**What to do**
Transcribe the data exactly, pictures excluded.

**Recorded data**
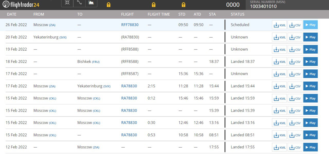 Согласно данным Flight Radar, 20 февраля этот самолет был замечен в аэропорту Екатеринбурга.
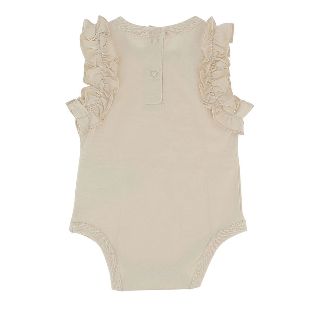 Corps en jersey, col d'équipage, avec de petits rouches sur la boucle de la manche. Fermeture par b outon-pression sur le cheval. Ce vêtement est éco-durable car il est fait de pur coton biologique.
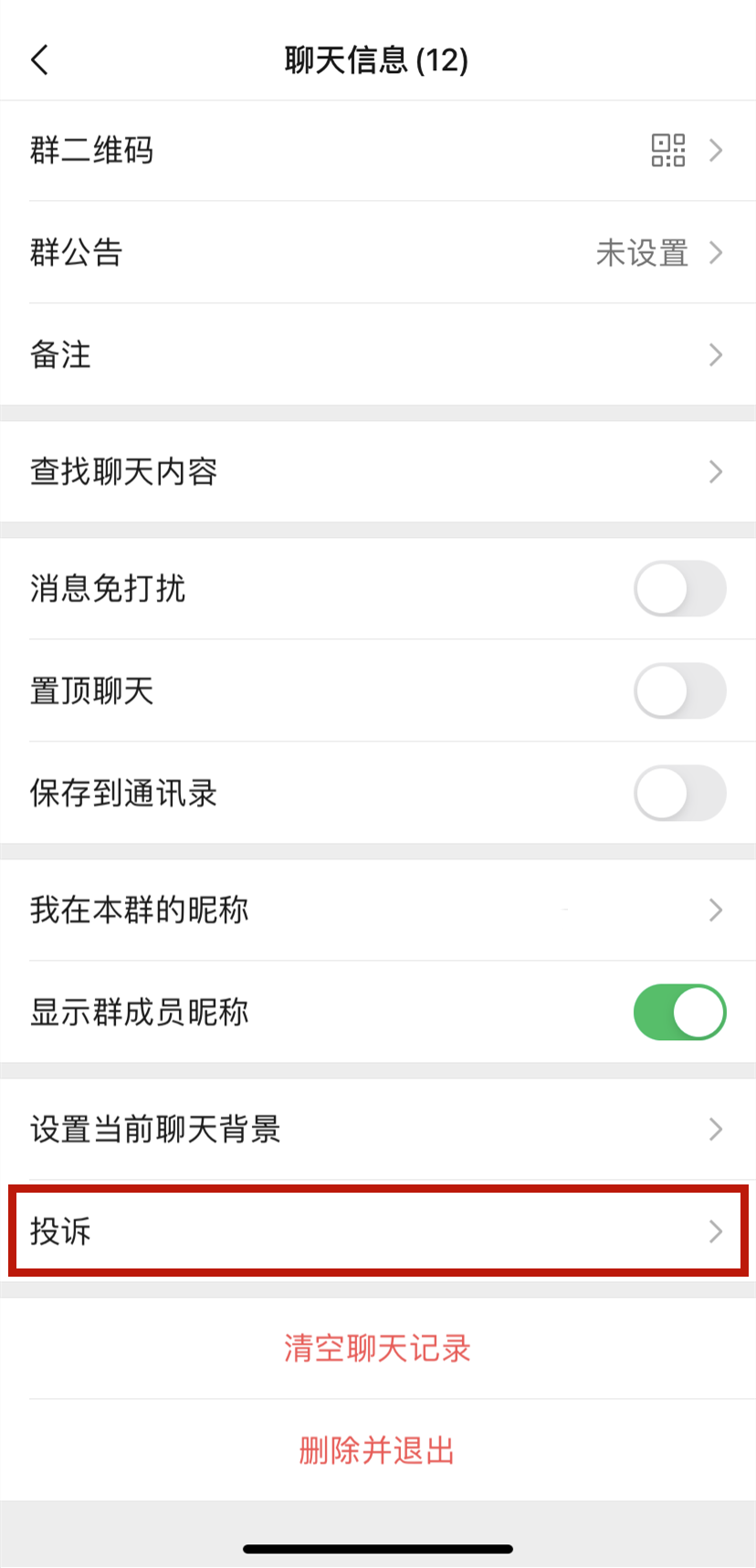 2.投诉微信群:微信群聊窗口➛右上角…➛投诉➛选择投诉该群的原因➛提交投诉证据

**Reply to the task**
 Согласно данным Flight Radar, 20 февраля этот самолет был замечен в аэропорту Екатеринбурга.
 Corps en jersey, col d'équipage, avec de petits rouches sur la boucle de la manche. Fermeture par b outon-pression sur le cheval. Ce vêtement est éco-durable car il est fait de pur coton biologique.
 2.投诉微信群:微信群聊窗口➛右上角…➛投诉➛选择投诉该群的原因➛提交投诉证据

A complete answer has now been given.